§ Problem to solve
An exact, complete printout of the listing is wanted, minus its images.

§ Provided data
=== Section Start ===

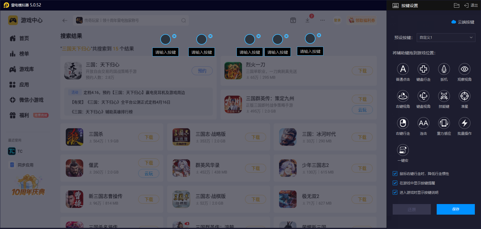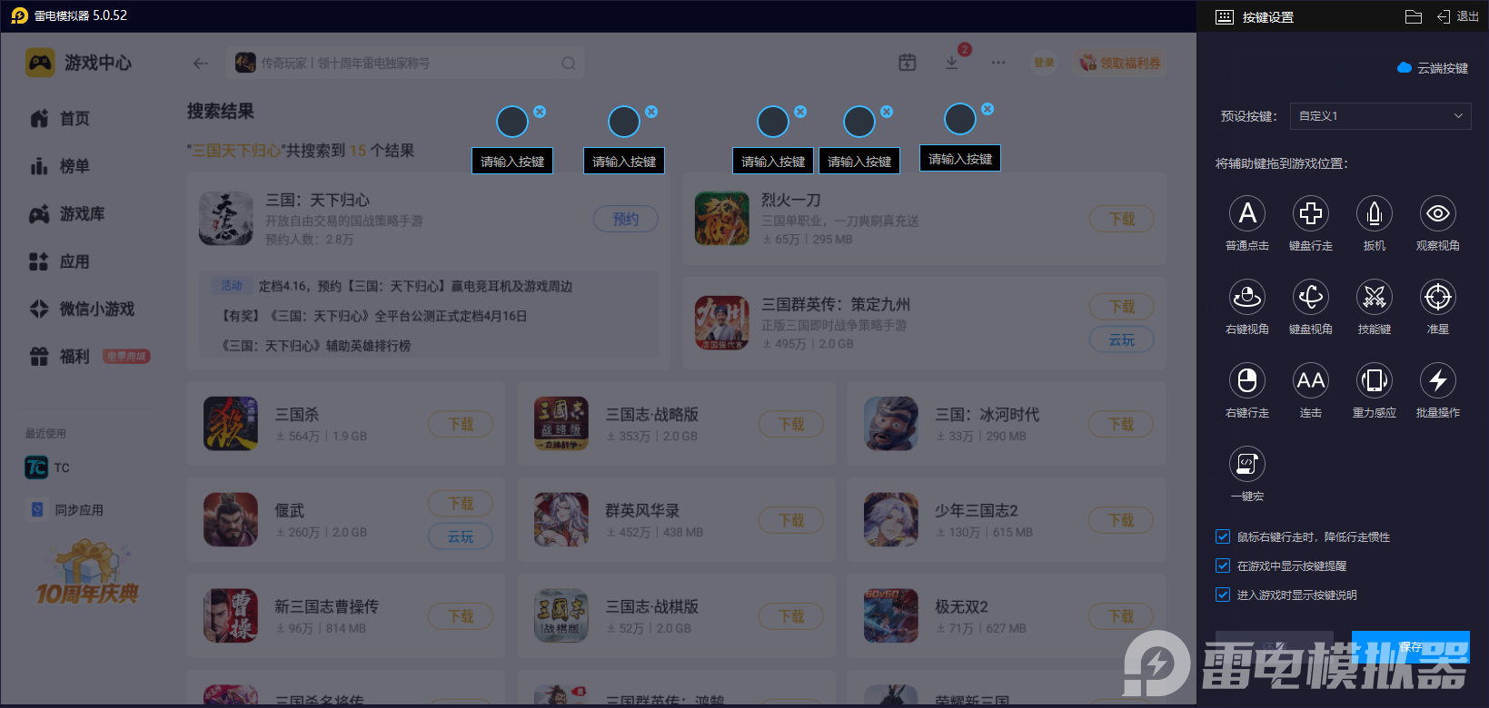 当我们进行操作的时候,可以直接通过雷电模拟器的按键自定义功能帮助自己,可以把孙尚香追击技能释放、辅助武将增益技能、阵容站位切换等高频操作,自定义绑定至键盘与鼠标。相比手机触屏,键鼠操作大幅减少误触,操作响应更迅速,最大化追击爆发力。
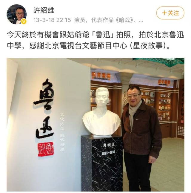 尽管一辈子都在当“绿叶”,许绍雄却是名门之后。许绍雄父亲的姑姑正是鲁迅的夫人许广平,他因此称呼鲁迅为“姑爷爷”。2013年3月18日,许绍雄曾在社交平台上发文:“今天终于有机会跟姑爷爷‘鲁迅’拍照,拍于北京鲁迅中学。”
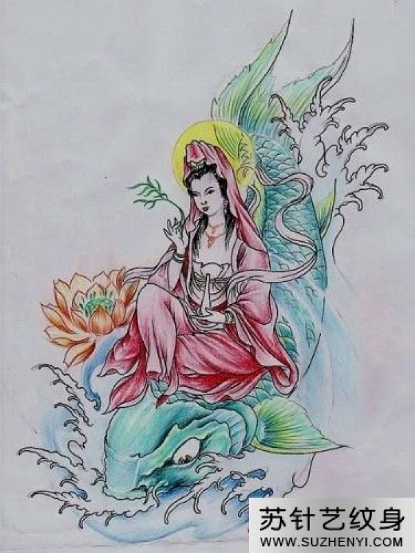 彩色鲤鱼莲花观音纹身图案手稿_鲤鱼纹身图案大全_纹身图吧
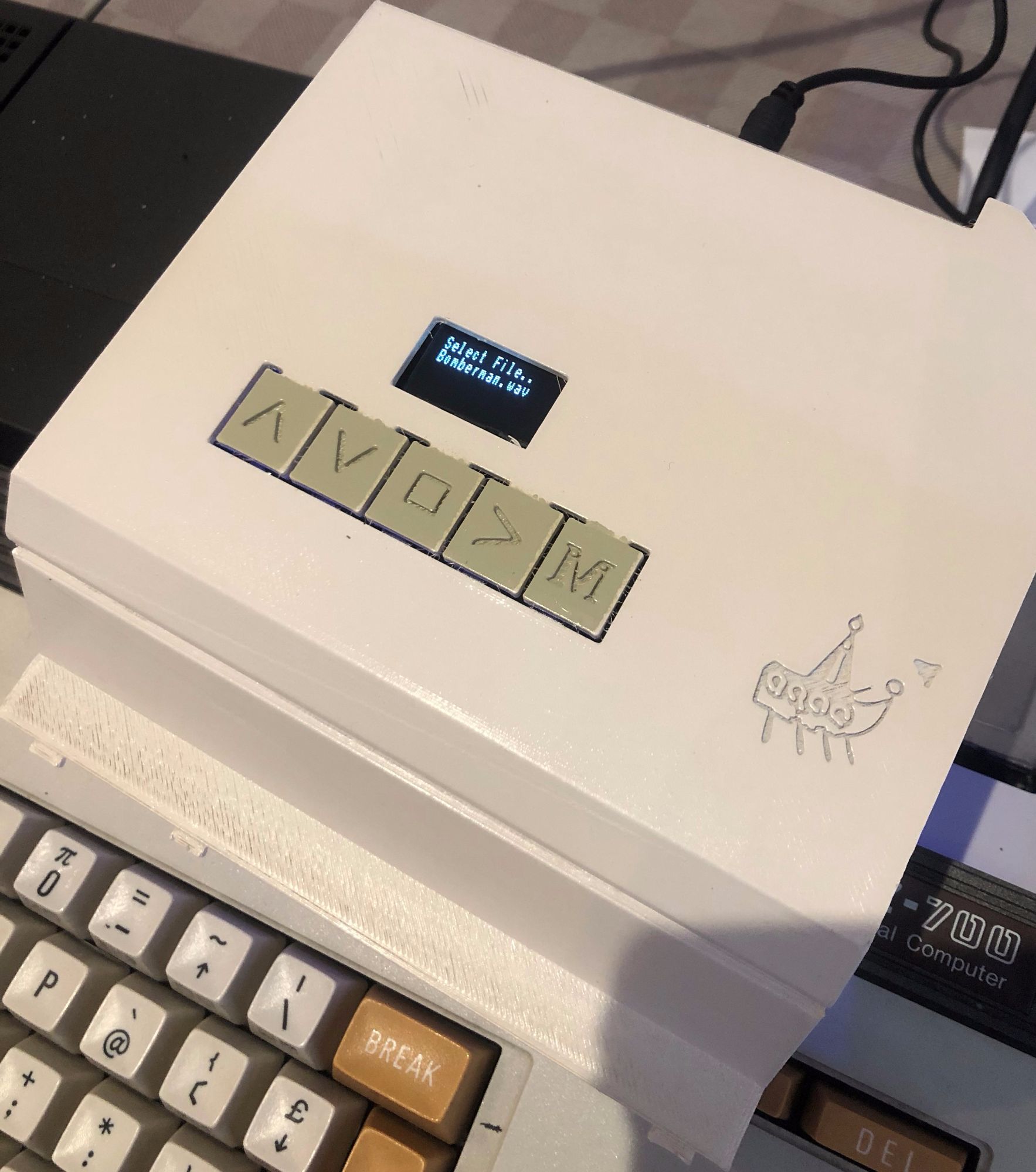 It is used to play WAV files (games and apps) from a MicroSD card through an audio cable into where the tape deck would normally plugin thus eliminating the need for a 30-year-old tape deck. Its a play only function so no

=== Section End ===

§ Result of the exercise
 当我们进行操作的时候,可以直接通过雷电模拟器的按键自定义功能帮助自己,可以把孙尚香追击技能释放、辅助武将增益技能、阵容站位切换等高频操作,自定义绑定至键盘与鼠标。相比手机触屏,键鼠操作大幅减少误触,操作响应更迅速,最大化追击爆发力。
 尽管一辈子都在当“绿叶”,许绍雄却是名门之后。许绍雄父亲的姑姑正是鲁迅的夫人许广平,他因此称呼鲁迅为“姑爷爷”。2013年3月18日,许绍雄曾在社交平台上发文:“今天终于有机会跟姑爷爷‘鲁迅’拍照,拍于北京鲁迅中学。”
 彩色鲤鱼莲花观音纹身图案手稿_鲤鱼纹身图案大全_纹身图吧
 It is used to play WAV files (games and apps) from a MicroSD card through an audio cable into where the tape deck would normally plugin thus eliminating the need for a 30-year-old tape deck. Its a play only function so no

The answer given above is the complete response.